When selecting a stock as an investor, liquidity is a factor you must consider because liquidity impacts the bid and ask spread in the stock’s price. How wide or narrow the bid-ask spread is, indicates how relatively difficult or easy it is to take or exit a position in the stock at the desired price.
Due to higher trading volumes and investor interest, mid-cap stocks may attract narrower bid-ask spreads than small-cap stocks. Narrower spreads make it easier for you as an investor to enter or exit trading positions at a desired stock price.
Diversification
Mid-cap stocks represent companies with medium-sized market capitalizations, falling between large-cap and small-cap stocks. You can diversify across various market capitalization segments by including mid-cap stocks in your portfolio.
How? Mid-cap stocks may offer exposure to different market dynamics and growth drivers compared to large-cap stocks. As a result, the mid-caps may be positioned to benefit from specific market trends, emerging technologies, or consumer preferences, providing diversification benefits beyond what large-cap stocks offer.
In addition to this, mid-cap stocks may have lower correlations with large-cap and small-cap stocks, as they often respond differently to market events and economic cycles. Thus, by diversifying across assets with low correlations, you as an investor can potentially reduce portfolio volatility and enhance risk-adjusted returns.
Under Researched
Many mid-cap stocks are under-researched by analysts as they typically focus their attention on large-cap equities due to their prominence in major market indices and their significant market capitalizations.
If you are an active mid-cap investor with deep analytical resources, such a relative lack of sell-side research provides you with an opportunity to seek well-positioned companies before their value is fully recognized.
As an active mid-cap investor, you can conduct your thorough research may uncover valuable insights or information that the broader market has yet to recognize. This information advantage can enable you to make more informed investment decisions and potentially capitalize on mispricings in the market.
Risks Of Investing In Midcap Stocks
Investing in mid-cap stocks can offer attractive growth potential, but it also comes with certain risks you should be aware of.
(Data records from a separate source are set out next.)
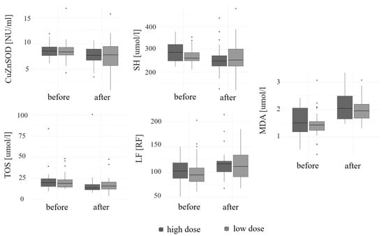 p = 0.1) was found. However, it was not statistically significant. The concentrations of selected OS parameters at the beginning and the end of the study are given in
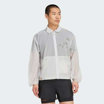 For the runners who will lace up any time and in any weather just to feel the freedom of movement. This adidas running coach jacket is part of a special collaboration with Mexican brand Hermanos Koumori. It helps battle wind chill so you can focus on the rhythm of your stride. And when the sun warms you up, it packs easily into its own pocket. Laser cut perforations keep air flowing and reflective details shine on low-light runs.
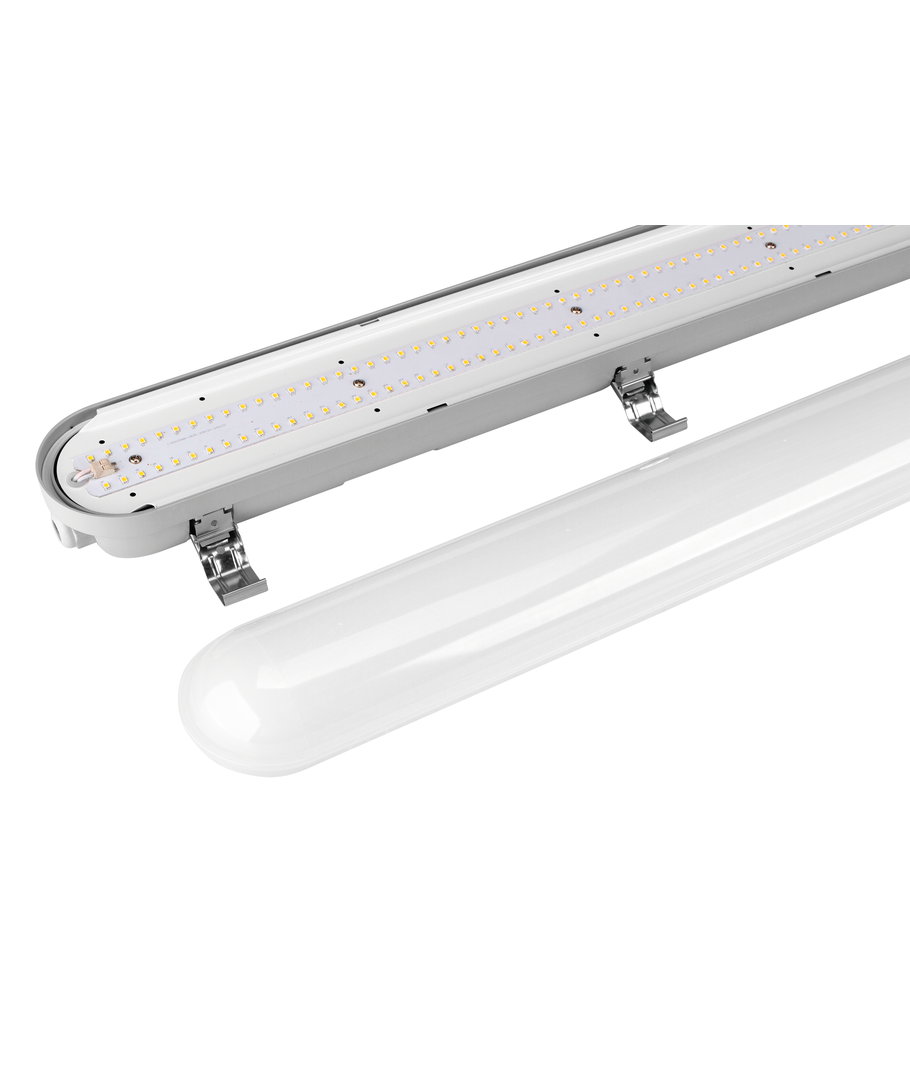 Profesjonell 120 cm LED armatur med integrert dagslyssensor, som automatisk regulerer lysstyrken i forhold til det naturlige lyset i rommet. Armaturen gjør det mulig å oppfylle TEK17 uten ekstra styring eller kompliserte installasjoner.
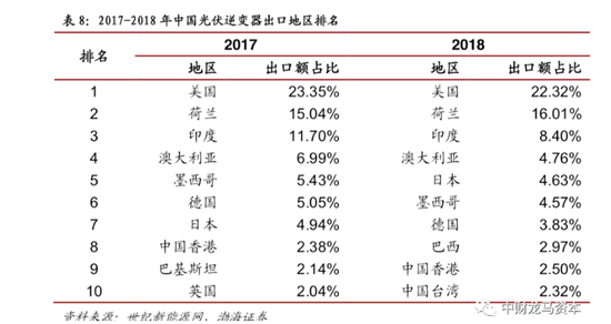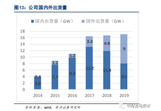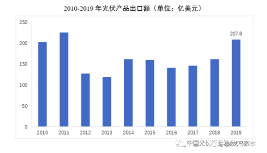 2、中国自2009年开始启动光伏示范项目,由此揭开了国内光伏产业发展的大幕,而此时海外发达国家对光伏补贴政策优厚,叠加中国较低的生产成本优势,从而使国内光伏企业的产品大量出口。但是随着2012年以德国为首的主要发达国家光伏补贴退坡,海外光伏新增装机量开始下降,同时由于自2012年起美国、欧洲针对中国光伏产品启动“双反”,中国大量光伏企业出口骤降,很多企业面临生存危机。中国政府自2012年起加大了对光伏产业的扶持力度,补贴金额在2012-2017五年间维持高位,这一政策促使国内光伏企业把目光转向国内,光伏产业在这一时期得到迅猛发展。2018年由于国内度电补贴首次出现下降,造成当年中国新增光伏装机量首次出现下滑,光伏行业在国内的发展短暂步入低谷。欧盟自2018年9月起结束了对中国光伏产品的“双反”,且国内光伏出口产品的毛利率远高于同等内销产品,于是国内光伏企业开始提高出口占比。2019年虽然中国光伏新增装机量再次出现下滑,但是海外光伏市场在各国实现清洁能源政策的目标推动下增长迅速,中国光伏企业纷纷加大了产品出口比例,因此中国光伏企业在2019年普遍取得了较好业绩。

The mid-cap stocks:
- tend to be more volatile than large-cap stocks due to which their prices can experience significant fluctuations in response to changes in market sentiment, economic conditions, or company-specific factors.
- have lower trading volumes than large-cap stocks, which makes it more challenging for you as an investor to buy or sell shares at desired prices, especially during periods of market stress or heightened volatility.
- maybe more exposed to business risk compared to more established companies as they may operate in niche markets, have less diversified revenue streams, or face intense competition from larger rivals. As a result, mid-cap stocks may be more susceptible to adverse developments such as changes in consumer preferences, technological disruptions, or regulatory changes.
- often receive less research coverage from analysts and institutional investors compared to large-cap stocks. This can create information asymmetry, where certain investors possess more information or insights than others. As a result, you may face challenges in accurately assessing the prospects and risks associated with mid-cap stocks, potentially leading to mispricings or investment losses.
Conclusion
While investing in mid-cap stocks can offer the potential for higher returns, you should carefully consider the risks of investing in mid-cap stocks. Diversification across different asset classes, market sectors, and company sizes can help you mitigate the risks of investing in mid-cap stocks.